Population genetics seeks to understand the laws that govern and forces that influence the amount of genetic variation within populations and changes in genetic variation over time. The concept of the gene pool provides a model for thinking about the transmission of genetic variation from one generation to the next for an entire population. Basic population genetic theory starts with an idealized population that is infinite in size and in which mating is random. In such a population, the Hardy–Weinberg law defines the relationship between allele frequencies in the gene pool and genotype frequencies in the population.

Real populations usually deviate to a small or large degree from the Hardy–Weinberg model. One source of deviation comes in the form of nonrandom or assortative mating. If individuals preferentially mate with others who share a similar phenotype, then there will be an excess of homozygotes at genes controlling that phenotype compared to Hardy–Weinberg expectations. When individuals mate more frequently with relatives than expected by chance, then there will be an excess of homozygous genotypes throughout the entire genome and the population becomes inbred. Even when local populations of a species conform to Hardy–Weinberg expectations, those populations are apt to be isolated from other populations at distant locations. Thus, a species often consists of a series of genetically distinct subpopulations; that is, species show population genetic structure.

Several forces can add new variation to a population or remove existing variation from it. Mutation is the ultimate source of all genetic variation. Population geneticists have determined reasonably precise estimates of the rate at which new mutations arise in populations. Migration can also bring new variation into a population. Migration results in some individuals who are genetically admixed, having ancestry from multiple populations. Genetic recombination can also add variation to populations by recombining alleles into new haplotypes.

Two forces control the fate of genetic variation in populations. First, genetic drift is a random force that can lead to the loss or fixation of an allele as a result of sampling error in finite populations. Drift is a strong force in small populations and a weak force in large ones. Second, natural selection drives changes in allele frequencies in populations over time. Alleles that enhance the fitness of the individuals that carry them will rise in frequency and can become fixed, while deleterious alleles that reduce fitness will be purged from the population.

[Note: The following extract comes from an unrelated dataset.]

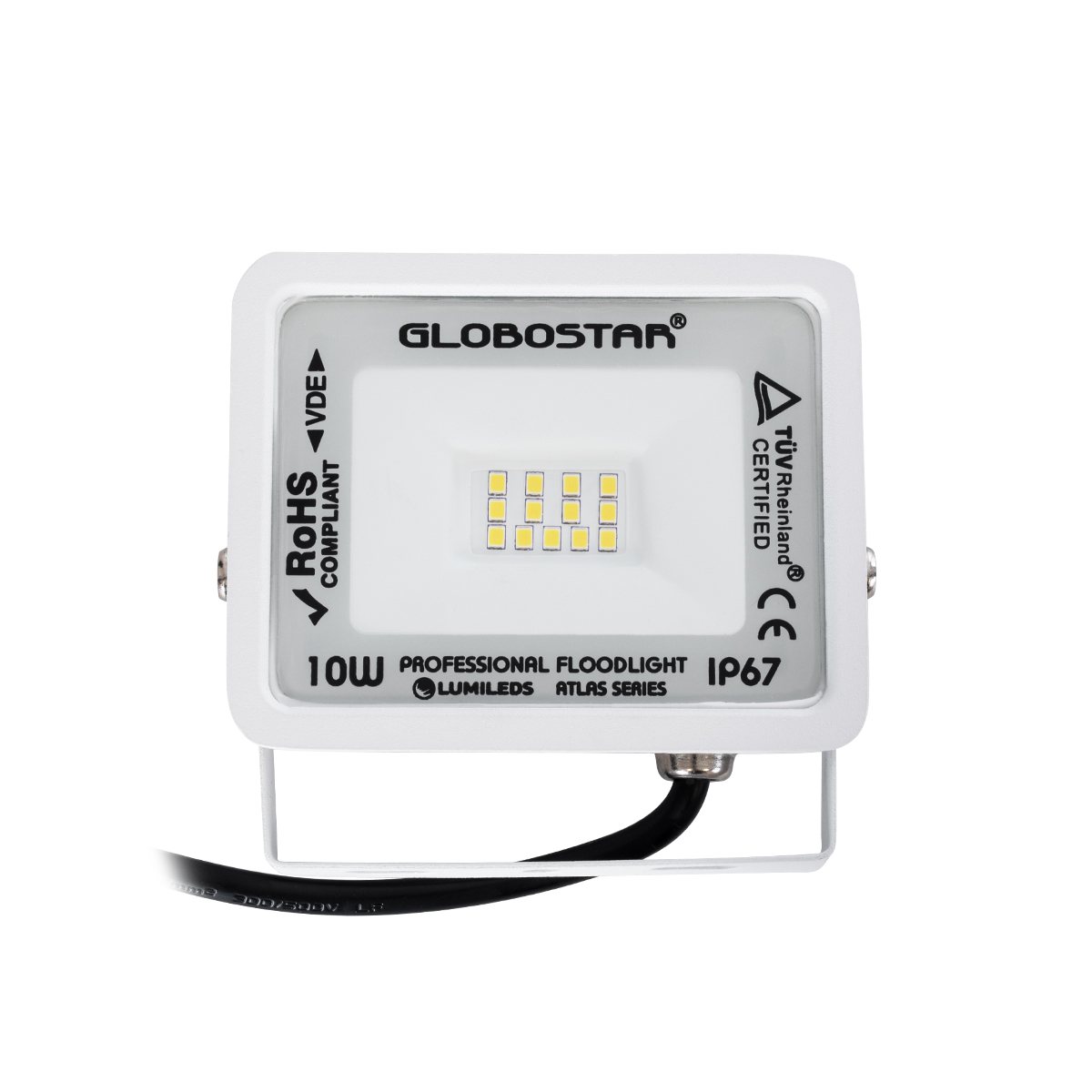 GLOBOSTAR® ATLAS 61405 Προβολέας LED 10W 1200lm 120° AC 220-240V Αδιάβροχο IP67 Φυσικό Λευκό 4500K - Lumileds SMD Chip - TÜV Rheinland Certified - Λευκό Ματ - Μ10 x Π2 x Υ8cm - 5 Χρόνια Εγγύηση

The fundamental goal of population genetics is to understand the relative contributions made by mating systems, mutation, migration, recombination, drift, and natural selection to the amount and distribution of genetic variation in populations. In this chapter, we have seen how research in population genetics has both developed the basic theory and collected a vast amount of data to achieve this goal. Our understanding of the population genetics of our own species is remarkably detailed.

Finally, the methods and results of population genetics both inform us about the evolutionary process and have practical applications to issues facing modern societies. Population genetic theory and analyses play important roles in the management of endangered species, the identification of perpetrators of crimes, plant and animal breeding, and assessing the risks that a couple will have a child with a disease condition.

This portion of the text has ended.